マスクがAnthropicと提携、データセンターの計算資源を提供へ

イーロン・マスク氏は、xAIのライバルと見られていたAnthropicと業務提携し、同社にメンフィスのデータセンターキャンパスへのアクセスを提供する契約を結びました。これまでマスク氏はAnthropicを「Misanthropic」と呼ぶなど対立姿勢を示していましたが、先週Anthropicチームと面会したうえで、契約を決めたと述べました。
AnthropicはClaude CodeやCoworkが好調な一方、需要に応じた計算資源の確保が課題になっていました。今回の提携により、同社は計算基盤を即時に確保できる見通しです。
一方でマスク氏は、同提携がSpaceXを含む企業群の資金面での改善につながるとしており、同社は来月のIPO準備を進めています。
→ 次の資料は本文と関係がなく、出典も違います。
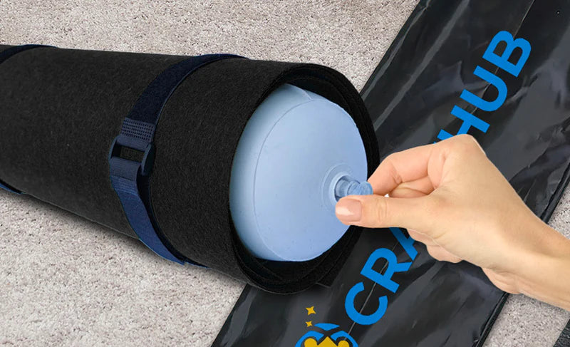 Vår uppblåsbara tub har en specialdesignad antispillficka som förbättrar hållbarheten jämfört med traditionella modeller. För att blåsa upp tuben är det bara att klämma upp fickan och föra in uppblåsningsnålen.
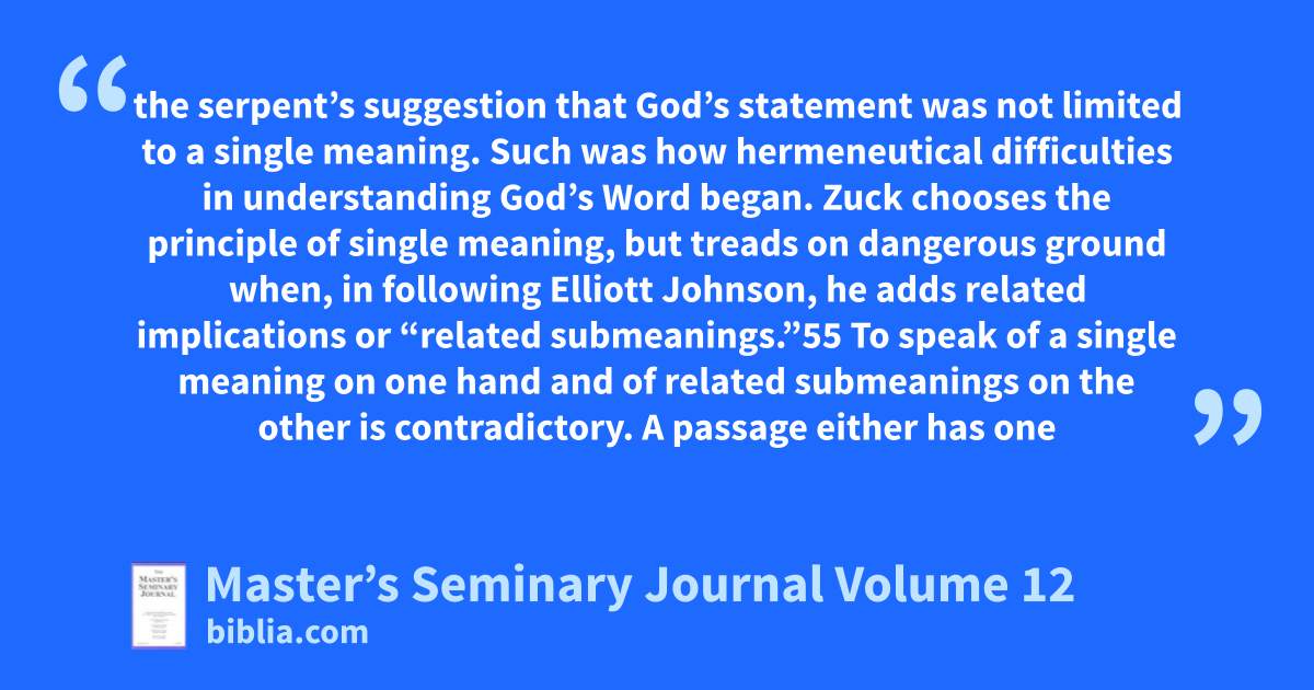 the serpent’s suggestion that God’s statement was not limited to a single meaning. Such was how hermeneutical difficulties in understanding God’s Word began. Zuck chooses the principle of single meaning, but treads on dangerous ground when, in following Elliott Johnson, he adds related implications or “related submeanings.”55 To speak of a single meaning on one hand and of related submeanings on the other is contradictory. A passage either has one

さらに契約に関連し、Anthropic側は軌道上のデータセンターに関心を示したと発表しており、マスク氏はIPOの場で外宇宙データセンター構想を後押しできる可能性があります。
また、マスク氏が数週間前にCursorへ計算資源を提供し、同社の買収オプションや100億ドルの解約金をめぐる条件を提示していた点が焦点です。Anthropicの勢いが増せばCursorの見通しがさらに厳しくなり、条件をめぐる争いが再燃する可能性もあります。
今回の提携は、AI業界で流動的な競争関係が「敵の敵は味方」の形で再編されていることを示す動きです。